If you are buying gold because Warren Buffett’s Berkshire Hathaway bought more than $500 million in shares in Barrick Gold then you are late to the party, according to Brian Belski, chief investment strategist at BMO Capital Markets.

Monday, in an interview with BNN Bloomberg, Belski said that the Canadian bank is turning neutral on gold and warned investors not to chase the market.

The comments come as gold prices recoup last week’s sharp losses and push to test resistance at $2,000 an ounce. Belski said that they are now neutral on gold as it is due for a consolidation after recently hitting all-time highs.

December gold futures last traded at $2,002 an ounce, up 0.20% on the day.

“I don’t think it’s a sell here,” he said. “I just think it’s something you don’t want to chase after it has gone up so much,” he said.

Belski warned that fundamentally, the gold price and the mining sector could be overstretched.

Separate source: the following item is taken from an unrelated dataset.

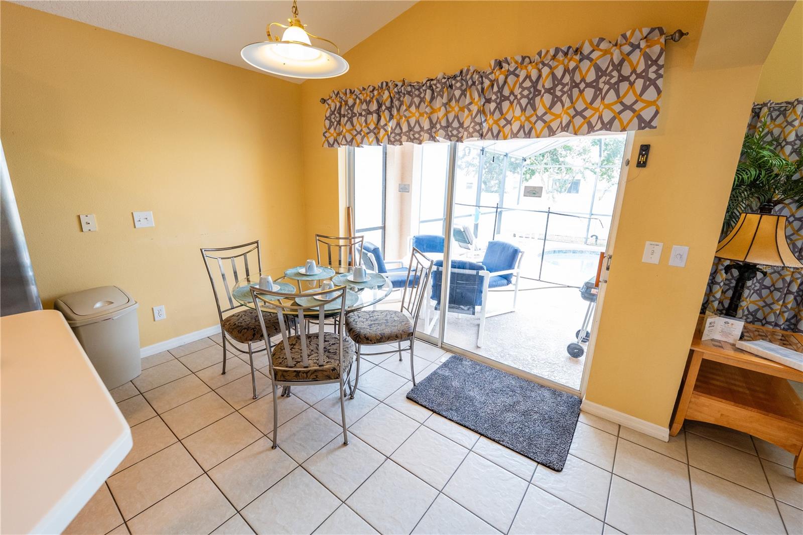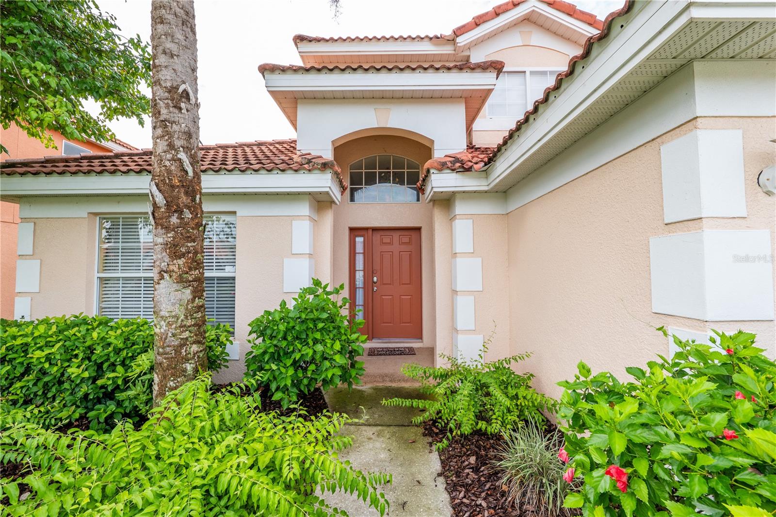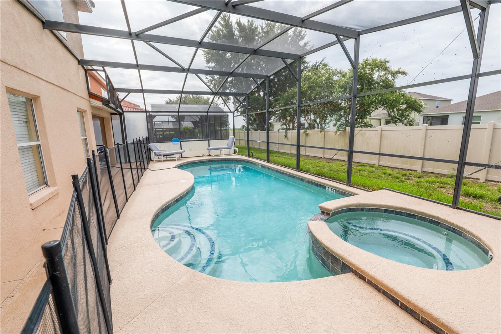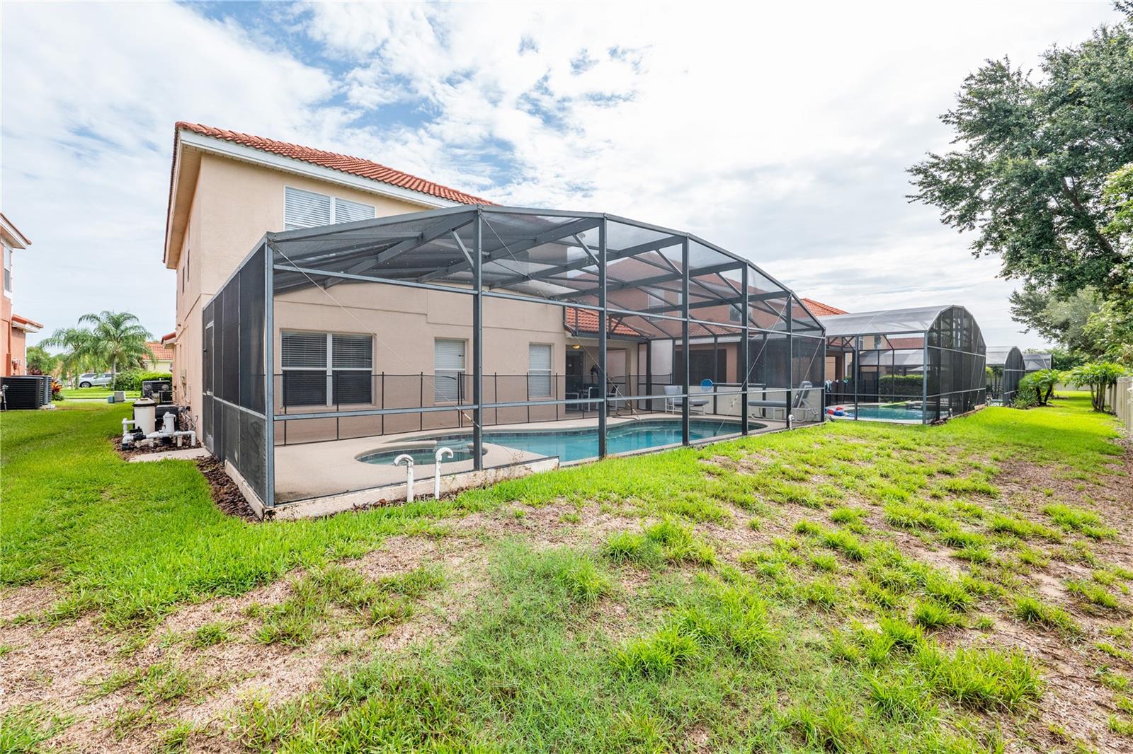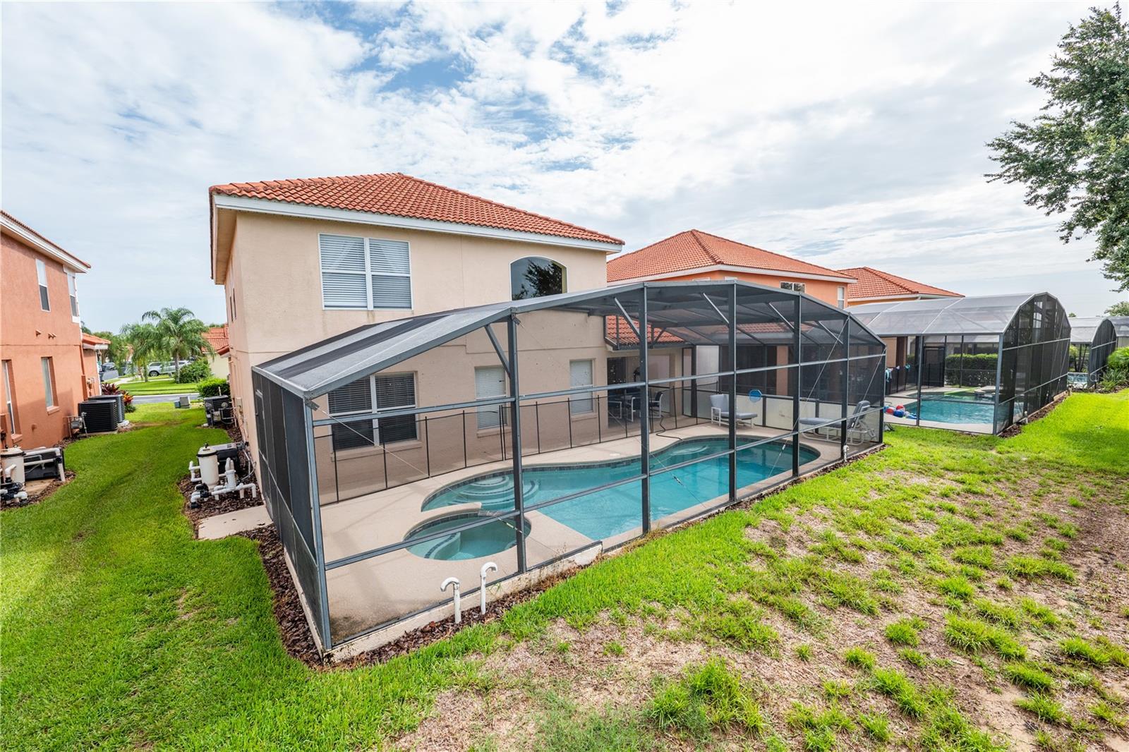 Live the Florida lifestyle in this charming, fully furnished five-bedroom, four-bath pool home in Solana's guard-gated resort community. Upon entering, embrace the soaring ceilings and natural light as you view the breathtaking floor plan of this Mediterranean-style home. Enjoy preparing your favorite meals in the fully equipped kitchen with stone countertops, and stainless steel appliances with a nook overlooking the pool area. The formal dining room off the kitchen is a true entertainer's dream. The impressive family room with warm natural light is a great place to relax and enjoy your favorite shows, game nights, or spend time with the family after a day at work or the parks. This 2-story home features a spacious first-floor primary room with a ceiling fan and a large walk-in closet with an ensuite bathroom. The primary bath features dual sinks, a garden tub, and a walk-in shower. An additional bedroom on the first floor adds convenience, and a bathroom with a walk-in shower with glass surround. This magnificent home offers further entertainment with a private game room with pool table and foosball. Three ample-sized bedrooms upstairs, one with two beds, and a third with bunk beds that share a full bath with extended vanity and shower. The fifth bedroom has a single queen bed with an en-suite bathroom with shower and tub. The covered lanai adjacent to the heated pool/spa with a screen enclosure and no rear neighbors, creates the perfect spot to relax & unwind while sipping your favorite drink or entertaining. Experience privacy and security in the Solana guard-gated Community while enjoying its featured amenities including a clubhouse, fitness center, playground, community pool and so much more. Located close to Disney World, and many other great tourist locations, this Home is prime for you to use year-round, a private vacation home, or short-term as an Airbnb. Don't miss out on this opportunity. Call for your private showing today.
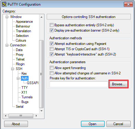 Puis rendez-vous dans « SSH » > « Auth et charger la clé précédemment enregistrée en cliquant sur browse

He noted that gold equities now represent about 12% of the Toronto Stock Exchange (TSX) and their weighting on the exchange is near an all-time high. He also said that earnings expectations for mining companies have “almost never been better.”

“I would say maintain a neutral positions in gold,” he said.

But it’s not just gold; Belski said that he is also neutral on silver as the price has played significant catch up with gold. The gold/silver ratio has dropped sharply in the last two months, currently trading around 71 points. In March the ratio hit an all-time high of more than 124 points as investors flooded into gold as a safe-haven asset.

September silver futures last traded at $27.68 an ounce, relatively unchanged on the day.

Long-term, Belski said that he likes silver as industrial demand picks up post COVID-19 pandemic; however, in the short-term he said that wouldn’t chase the precious metal as it plays catch up with gold.

“From silver’s perspective we still see demand and long-term it will be an important commodity,” he said but right now it’s playing the catchup trade.”